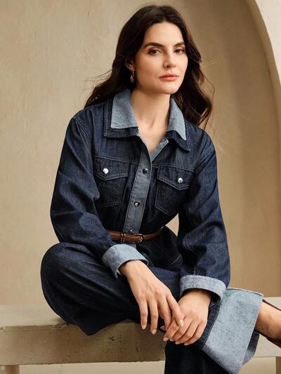 Women's Autumn Dropped Shoulder Long Sleeve Single-Breasted Rhinestone Embellished Loose Casual Denim Jacket
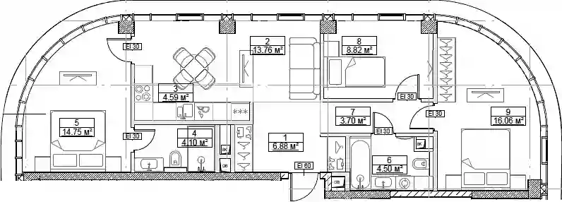 В комплексе предложено множество планировочных решений: в наличии квартиры, как классического типа, так и европланировки. Квартиры сдаются с подчистовой отделкой, высотой потолков 3 м и панорамным остеклением в пол.
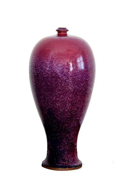 有人说性格决定命运,这句话是否正确暂且不论,但就钧瓷界来说,性格与作品的风格基本上是一致的。“钧瓷狂人”李占伟的钧瓷艺术风格,处处体现着狂放不羁的大气之美。他大胆进行创新,改变了很多传统器型的比例、尺度,这是对传统的颠覆和反叛,也是传统基础上的尝试和创造。如《和尊》,传统的《合尊》来源于青铜器,广口、鼓腹、圈足,而李占伟创作的钧瓷《和尊》,上部极为广阔,由上而下经过自然过渡后极致收缩,下部仿佛即将承受不住上部的重量。“有陶瓷界的前辈看到我这件作品时,说我的比例不对。如果以传统造型来说,确实如此,但如果你将我的作品看作一朵正在盛放的花朵,就会觉得很合适。”李占伟说。确实,这件作品下部是花的骨朵,上部是盛开的花瓣,搭配钧红釉之后,自然而灵动。再如《出戟尊》,李占伟为了使釉面得到更好的表达和展示,将其顶部删繁就简,使其形似盛开的莲花,夸张而又古朴淳厚。还有我们熟知的《玉壶春》,李占伟改变了它从明代以来颈短、腹圆下垂的特征,对其颈部进行拉伸,这和传统制式有所不同,对此,他的说法是:“颈长,就会显得瓶式修长。在我的审美里,我认为它美,所以就把其中的部分拉长了,夸张了。大众审美,随着时代的变化,也该有变化。”
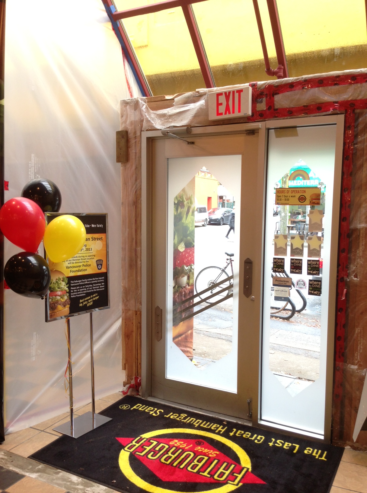 A fast food restaurant in the West End is re-opening its doors after a car crashed through its windows, injuring four Vancouver police officers last weekend.

**Directions:** Restate only the lines running from the start of the material above through the line containing "В комплексе предложено", ends included. No pictures.

**Answer to this task:**
 Women's Autumn Dropped Shoulder Long Sleeve Single-Breasted Rhinestone Embellished Loose Casual Denim Jacket
 В комплексе предложено множество планировочных решений: в наличии квартиры, как классического типа, так и европланировки. Квартиры сдаются с подчистовой отделкой, высотой потолков 3 м и панорамным остеклением в пол.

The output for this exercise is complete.